Lafontaine justifies the adoption of AfD policies by the grand coalition and his own party by claiming that in this way the AfD will be weakened. He compares the current situation to the blatant restriction on the right to asylum by the CDU, FDP and SPD in May 1993.

“At that time, over one million asylum seekers and immigrants came to us,” he declares. “Refugee shelters and houses burned down in different places. In this situation, we passed the asylum compromise, according to which people who come from a neighbouring European country have no right to asylum in Germany. Support for the [far-right] Republicans then dropped significantly.”

That is a blatant lie. In fact, the right-wing extremists achieved their biggest electoral successes in nine of the 16 states after the so-called asylum “compromise.” The far-right German People’s Union (DVU) recorded its best results to date in five out of seven states where it stood for election. There is no doubt that right-wing extremists benefited from the implementation of the policies of the CDU/CSU and SPD. Today, this applies to an even greater degree.

Lafontaine is adopting the policies of the AfD not to weaken it, but because he agrees with the neo-fascists on fundamental issues. In his interview, he does not rule out cooperation with right-wing extremists. The sister party of the Left Party in Greece, Syriza, has been in coalition with the far-right Independent Greeks for many years and is implementing ferocious social cuts along with them.

The political overlap with the AfD is not limited to refugee policy. In the face of escalating trade wars and growing conflicts between the major powers, Lafontaine and Wagenknecht invoke the so-called national interest. “Our key industries must not be destroyed by international hedge funds, which are concerned only with making quick returns, as is currently the case at Thyssen-Krupp,” says Wagenknecht.

“Social equality and democracy currently work only within individual states. On a global level, there is no leverage for it,” continues the Left Party parliamentary faction leader. “Of course, states must protect their citizens from [social] dumping.”

This is exactly the argument used to justify trade wars. Regarding the US, Wagenknecht declares, “We should not subordinate ourselves to a policy that contradicts our interests.”

Lafontaine and Wagenknecht model themselves on the French politician Jean-Luc Mélenchon and his party Indomitable France. The supposedly “left” Mélenchon embraces nationalism and militarism and calls for the reintroduction of compulsory military service.
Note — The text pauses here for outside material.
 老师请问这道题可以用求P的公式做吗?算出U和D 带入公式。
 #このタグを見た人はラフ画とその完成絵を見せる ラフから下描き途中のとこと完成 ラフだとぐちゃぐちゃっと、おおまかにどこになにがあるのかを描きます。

It is not surprising that #Standup has been welcomed by the Frankfurter Allgemeine Zeitung, which has already courted the AfD. Jasper von Altenbockum, who in 2015 demanded that the AfD be “given a chance,” is impressed above all by the form of the movement, which renounces democratic processes and principles. “They contrast the model of representative democracy with the model of a direct Führer-Demokratie (leader democracy),” he writes, “and thus feed the yearning that the ‘majority’ or the ‘people’s will’ once again call the shots.”
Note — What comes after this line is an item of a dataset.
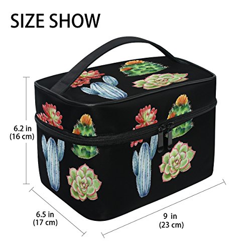 - Size: Cosmetic bags size at 9(L)x6.5(W)x6.2(H) in. Handy handle,lightweight and exquisite. Getting a makeup case is really more convenient at home, travel or be outside. It can also be used as a toiletry bag and receive package.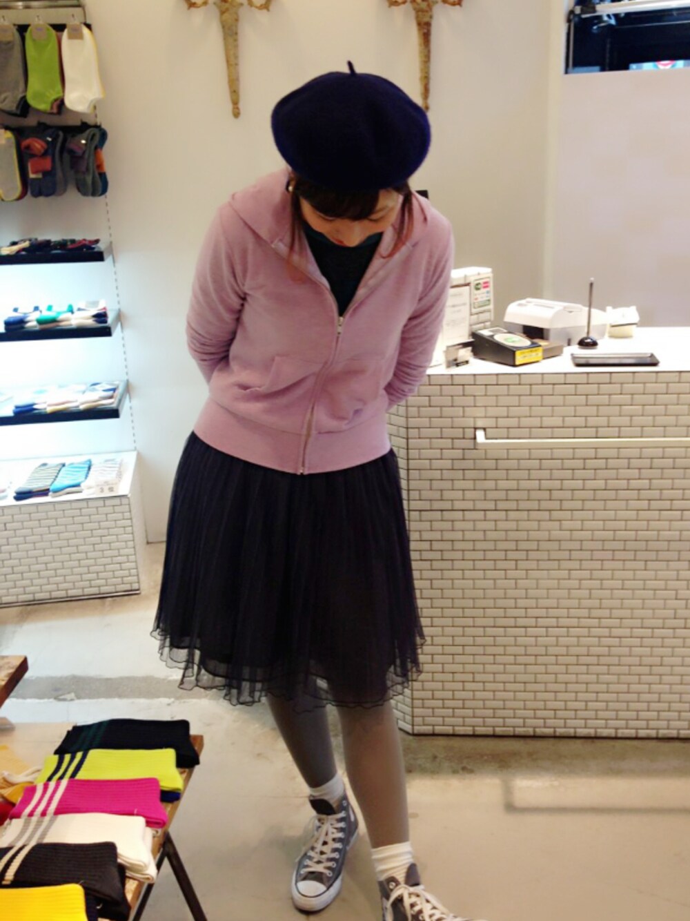 肌寒い日だったので足元は80デニールタイツを着用しました。 色を明るくすれば春先でもまだまだ厚手タイツが活躍してくれます♪

He continues: “Anti-liberalism and immigration criticism” bring to mind the AfD. “What they say about skill shortages and migration or integration could also come from the right wing of the CDU, if it still existed.”

In fact, the CDU has not lost its right wing. The whole party—as well as the CSU and the SPD—has moved far to the right and the grand coalition is putting the right-wing AfD’s program into action. But the return of militarism, the anti-refugee agitation and the social cuts are provoking the resistance of broad social layers, as seen most recently in the mass demonstrations in Munich and Berlin. Wagenknecht and Lafontaine offer their services to suppress and intimidate this opposition.